- **Problem**
For this exercise, print all of the data exactly as given.

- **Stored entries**
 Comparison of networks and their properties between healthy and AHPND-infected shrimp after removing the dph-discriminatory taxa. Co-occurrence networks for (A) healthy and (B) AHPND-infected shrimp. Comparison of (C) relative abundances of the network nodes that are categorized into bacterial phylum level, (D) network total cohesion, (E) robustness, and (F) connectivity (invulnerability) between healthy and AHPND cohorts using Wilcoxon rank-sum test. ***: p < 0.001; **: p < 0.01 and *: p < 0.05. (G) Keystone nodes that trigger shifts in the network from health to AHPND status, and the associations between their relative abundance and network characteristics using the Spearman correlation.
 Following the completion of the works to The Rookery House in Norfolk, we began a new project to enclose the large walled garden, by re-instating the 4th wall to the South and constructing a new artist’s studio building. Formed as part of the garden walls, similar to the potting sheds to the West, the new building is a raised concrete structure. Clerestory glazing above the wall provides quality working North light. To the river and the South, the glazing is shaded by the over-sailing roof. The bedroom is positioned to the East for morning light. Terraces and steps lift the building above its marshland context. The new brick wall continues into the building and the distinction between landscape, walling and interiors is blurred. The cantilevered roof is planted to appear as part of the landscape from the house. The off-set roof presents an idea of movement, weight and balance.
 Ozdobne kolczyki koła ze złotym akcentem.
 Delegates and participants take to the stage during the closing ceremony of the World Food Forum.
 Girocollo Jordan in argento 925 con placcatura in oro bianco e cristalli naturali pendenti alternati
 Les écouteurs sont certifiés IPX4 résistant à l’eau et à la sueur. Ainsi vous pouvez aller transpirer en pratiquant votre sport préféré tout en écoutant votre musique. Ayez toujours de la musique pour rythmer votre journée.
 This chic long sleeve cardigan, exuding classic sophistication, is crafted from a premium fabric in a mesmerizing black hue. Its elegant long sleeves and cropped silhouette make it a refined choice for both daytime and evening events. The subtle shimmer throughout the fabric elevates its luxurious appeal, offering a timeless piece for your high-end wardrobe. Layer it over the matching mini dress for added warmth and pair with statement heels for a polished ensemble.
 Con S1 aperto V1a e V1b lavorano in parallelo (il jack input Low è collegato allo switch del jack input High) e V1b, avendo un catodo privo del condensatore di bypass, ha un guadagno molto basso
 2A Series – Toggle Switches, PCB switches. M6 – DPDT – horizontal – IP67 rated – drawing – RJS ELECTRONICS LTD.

- **Task answer**
 Comparison of networks and their properties between healthy and AHPND-infected shrimp after removing the dph-discriminatory taxa. Co-occurrence networks for (A) healthy and (B) AHPND-infected shrimp. Comparison of (C) relative abundances of the network nodes that are categorized into bacterial phylum level, (D) network total cohesion, (E) robustness, and (F) connectivity (invulnerability) between healthy and AHPND cohorts using Wilcoxon rank-sum test. ***: p < 0.001; **: p < 0.01 and *: p < 0.05. (G) Keystone nodes that trigger shifts in the network from health to AHPND status, and the associations between their relative abundance and network characteristics using the Spearman correlation.
 Following the completion of the works to The Rookery House in Norfolk, we began a new project to enclose the large walled garden, by re-instating the 4th wall to the South and constructing a new artist’s studio building. Formed as part of the garden walls, similar to the potting sheds to the West, the new building is a raised concrete structure. Clerestory glazing above the wall provides quality working North light. To the river and the South, the glazing is shaded by the over-sailing roof. The bedroom is positioned to the East for morning light. Terraces and steps lift the building above its marshland context. The new brick wall continues into the building and the distinction between landscape, walling and interiors is blurred. The cantilevered roof is planted to appear as part of the landscape from the house. The off-set roof presents an idea of movement, weight and balance.
 Ozdobne kolczyki koła ze złotym akcentem.
 Delegates and participants take to the stage during the closing ceremony of the World Food Forum.
 Girocollo Jordan in argento 925 con placcatura in oro bianco e cristalli naturali pendenti alternati
 Les écouteurs sont certifiés IPX4 résistant à l’eau et à la sueur. Ainsi vous pouvez aller transpirer en pratiquant votre sport préféré tout en écoutant votre musique. Ayez toujours de la musique pour rythmer votre journée.
 This chic long sleeve cardigan, exuding classic sophistication, is crafted from a premium fabric in a mesmerizing black hue. Its elegant long sleeves and cropped silhouette make it a refined choice for both daytime and evening events. The subtle shimmer throughout the fabric elevates its luxurious appeal, offering a timeless piece for your high-end wardrobe. Layer it over the matching mini dress for added warmth and pair with statement heels for a polished ensemble.
 Con S1 aperto V1a e V1b lavorano in parallelo (il jack input Low è collegato allo switch del jack input High) e V1b, avendo un catodo privo del condensatore di bypass, ha un guadagno molto basso
 2A Series – Toggle Switches, PCB switches. M6 – DPDT – horizontal – IP67 rated – drawing – RJS ELECTRONICS LTD.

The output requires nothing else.